Assessing ‘AI-based’ enterprise search solutions Part 2 Entity extraction

Inside the enterprise there is a substantial world of corporate language that is challenging both to index and query. An element of this language is alphanumeric strings such as ER-OS-36X as the internal designation of a product, but I’ll come back to these in a moment.

I have already covered personal name search in an earlier post, but it deserves to be included in this post as well. It is however fairly easy to specify and test as you can just as HR for an employee list and highlight a selection that you can check with the vendor can be managed with their software. My favourite test is to see how they cope with the differences between Spanish and Portuguese name formats. As with all entity extraction tasks you need to understand how the index manages entities and how you can add in any special cases you have, ideally as a bulk upload from another application and not on a one-by-one basis.

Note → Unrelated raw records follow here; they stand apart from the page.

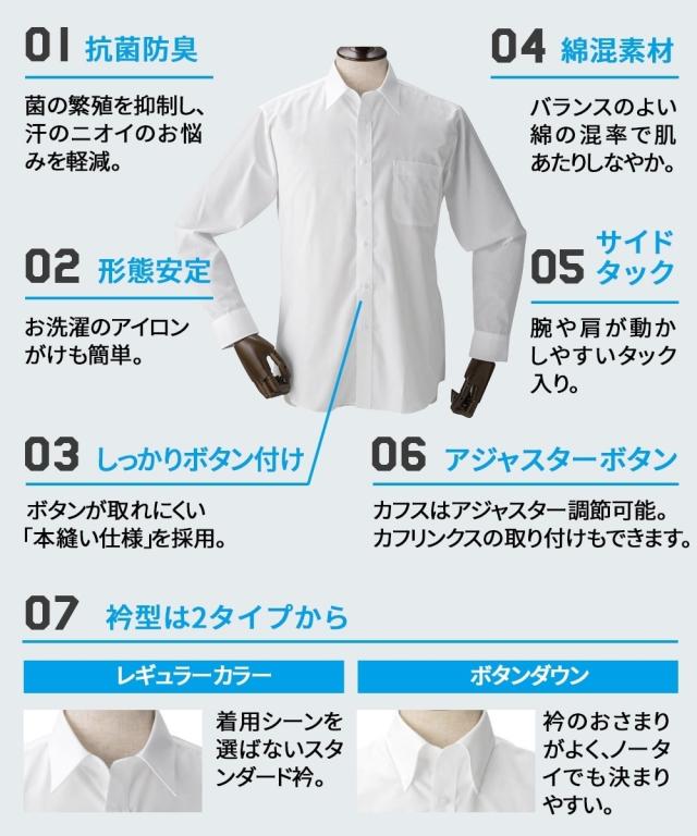 抗菌防臭・形態安定長袖ワイシャツ(ボタンダウン)(標準シルエット)
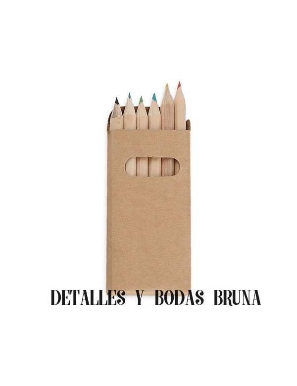Cajita de cartón con seis lápices en colores surtidos, ideal para mantener a los más peques entretenidos, entrégalos junto a nuestras libretas personalizadas, detalle original que gustará a peques y mayores.
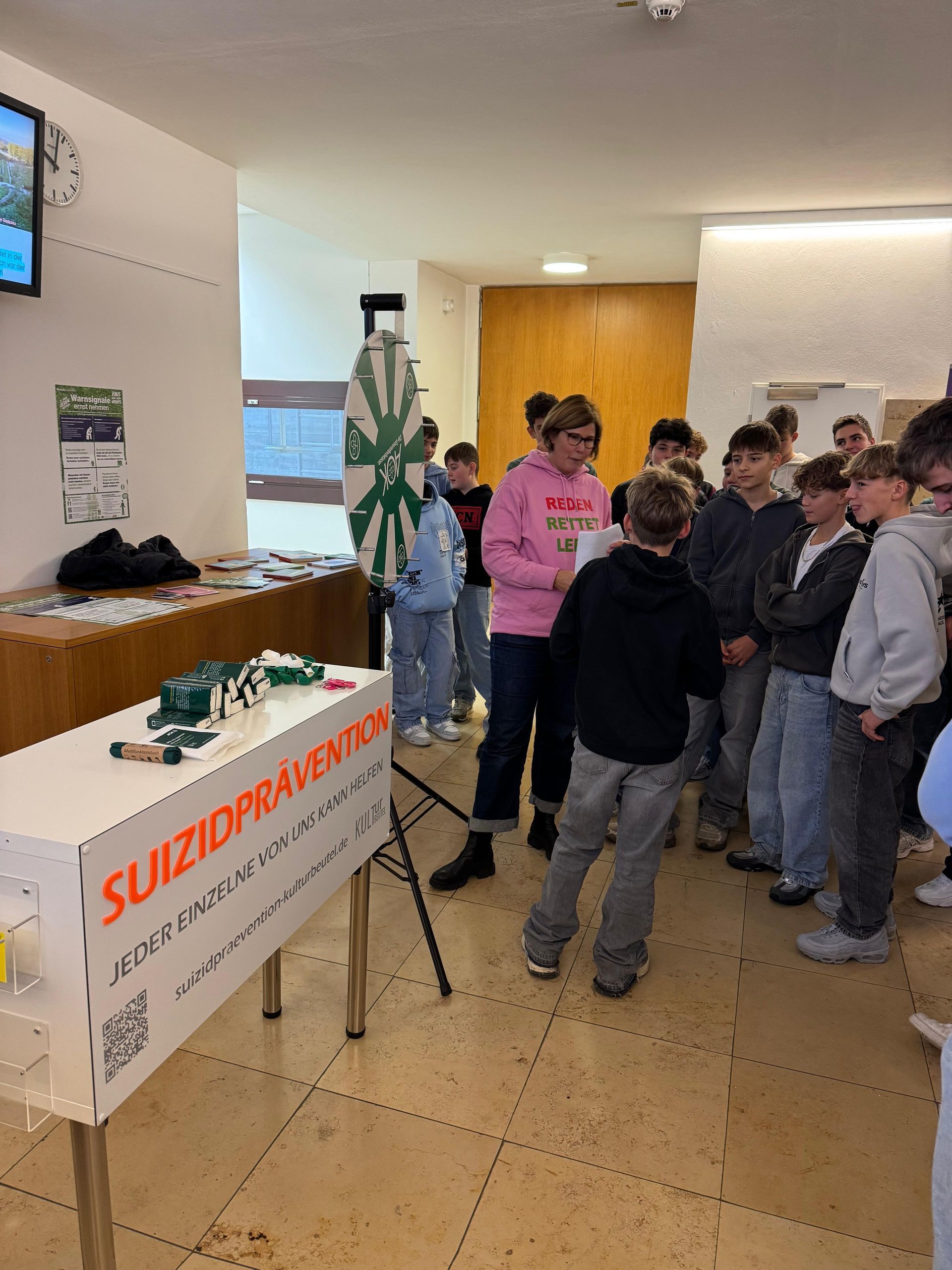Auf Anfrage von Jonas Schild (Jugendsozialarbeiter) und Martin Pohle (Schulpsychologe) gestalteten wir mit den "Kulturbeuteln" eine Aktion zur Suizidprävention. In der Pause standen wir mit einem Glücksrad auf dem Schulhof, an dem die Kinder Fragen beantworteten und dafür kleine Geschenke erhielten. Nach der Pause gab es zusätzlich eine Stunde Zeit für Austausch, Gespräche und ganz viel Glücksrad drehen. Insgesamt nahmen über 100 Kinder teil, zeigten großes Interesse und führten viele wertvolle Gespräche mit uns.
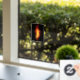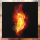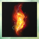 Una brillante pluma de pavo real hecha de fuego y llama sobre fondo negro.
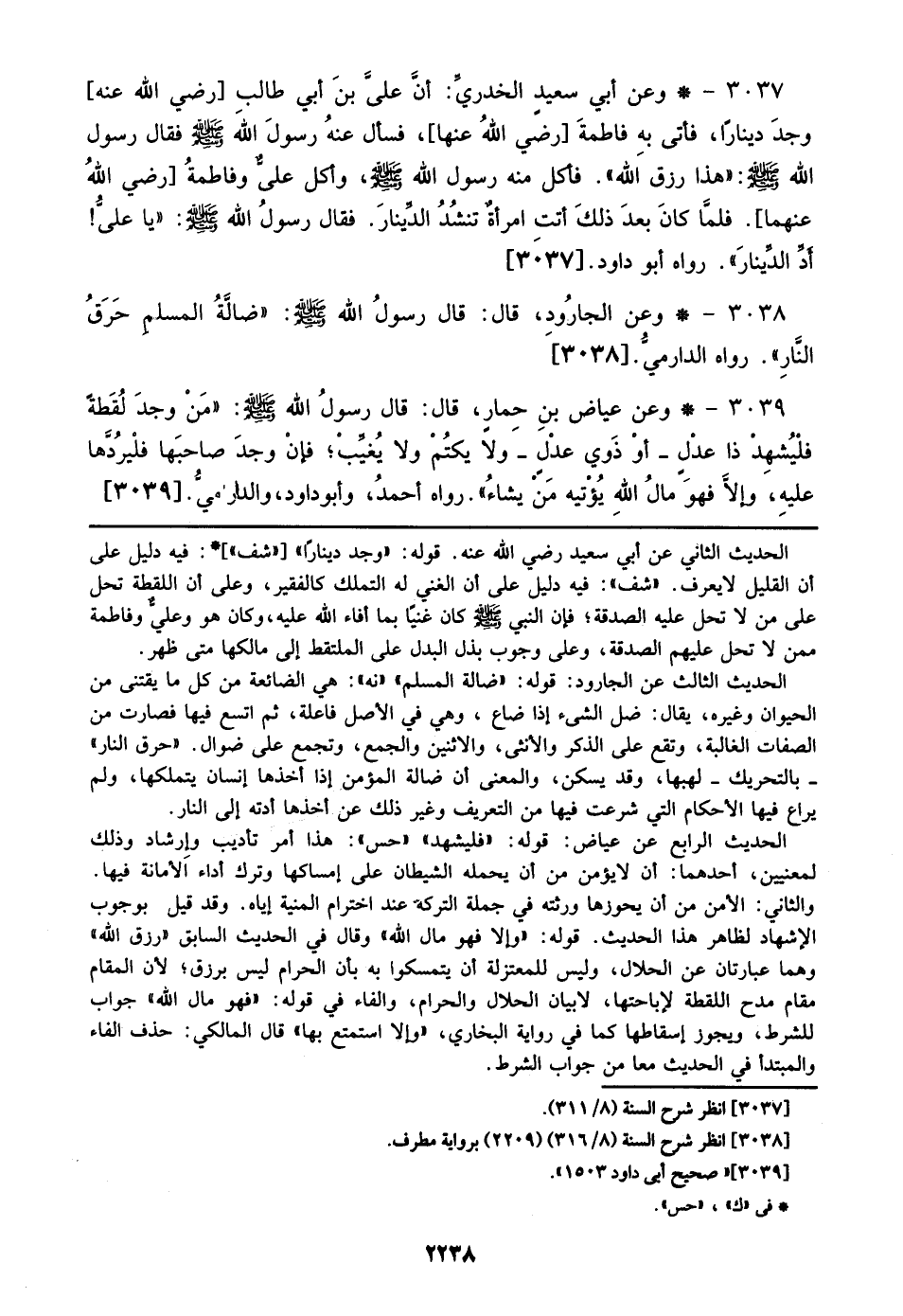 3039 - وعن عياض بن حمار، قال: قال رسول الله صلى الله عليه وسلم: ((من وجد لقطة فليشهد ذا عدل- أو ذي عدل – ولا يكتم ولا يغيب؛ فإن وجد صاحبها فليردها عليه، وإلا فهو مال الله يؤتيه من يشاء)). رواه أحمد، وأبو داود، والدارمي. [3039]

Another entity class is date format. Finding content within a date range requires the date to be indexed to a normalized format that can recognize that 4/3/2023, 3/4/2023 and 2023/4/3 are the same date in different regions. Ask the vendor if its software can support ISO8601 and if they hesitate for even a moment you may want to dig deeper.

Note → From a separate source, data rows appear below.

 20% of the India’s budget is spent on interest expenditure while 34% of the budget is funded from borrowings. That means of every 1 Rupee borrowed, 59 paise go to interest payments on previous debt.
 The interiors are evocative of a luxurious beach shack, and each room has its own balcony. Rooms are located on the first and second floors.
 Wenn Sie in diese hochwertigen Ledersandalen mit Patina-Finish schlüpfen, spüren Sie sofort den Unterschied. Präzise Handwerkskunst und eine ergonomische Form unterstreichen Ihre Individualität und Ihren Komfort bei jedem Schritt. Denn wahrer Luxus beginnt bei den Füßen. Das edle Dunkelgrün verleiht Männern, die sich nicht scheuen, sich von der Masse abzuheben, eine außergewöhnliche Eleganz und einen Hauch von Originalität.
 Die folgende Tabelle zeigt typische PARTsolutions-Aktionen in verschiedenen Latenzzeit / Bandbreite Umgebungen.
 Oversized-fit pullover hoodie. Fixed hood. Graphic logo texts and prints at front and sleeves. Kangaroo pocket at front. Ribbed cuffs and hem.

Then we come to product and service descriptions. There will almost certainly be a list of these in your ERP application that can be used as a test set. As with ER-OS-36X (or is it ER/OS/36-X?) the index software needs to be able to tokenise the string in a way that which ever variant is used in a query the same results are presented. That is much more difficult than it may seem. In the process of indexing you should also be presented with a list of entities that the software has not been able to cope with so that you can come up with some workarounds. The interface to manage these additions and corrections should be a graphical UI – you do not want to be working at code-level!

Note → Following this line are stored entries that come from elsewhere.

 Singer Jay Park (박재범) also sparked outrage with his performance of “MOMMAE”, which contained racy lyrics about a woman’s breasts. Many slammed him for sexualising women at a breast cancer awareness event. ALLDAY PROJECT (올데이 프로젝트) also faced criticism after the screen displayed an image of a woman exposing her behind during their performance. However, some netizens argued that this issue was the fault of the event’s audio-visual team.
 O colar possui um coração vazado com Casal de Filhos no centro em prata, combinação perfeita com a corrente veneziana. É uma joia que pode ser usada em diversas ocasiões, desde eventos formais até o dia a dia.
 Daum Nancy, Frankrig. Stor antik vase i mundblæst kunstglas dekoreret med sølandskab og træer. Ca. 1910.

Some other issues I have come across are project names (especially if they are common English words) and the names of countries and cities in different languages. Cologne vs Köln for example. Chemical names are also a challenge, especially when your company uses a particular product which has a manufacturers’ product name and not the chemical name.  An employee may want to find the Safety Data Sheet very quickly indeed.

And so the list goes on!

You can never be sure that you have covered off all the instances, so the issue on the table with the vendor is how exceptions to their index process can be identified and addressed. In an ideal world you’d like to talk to one or two of their customers to get their opinion on entity extraction management.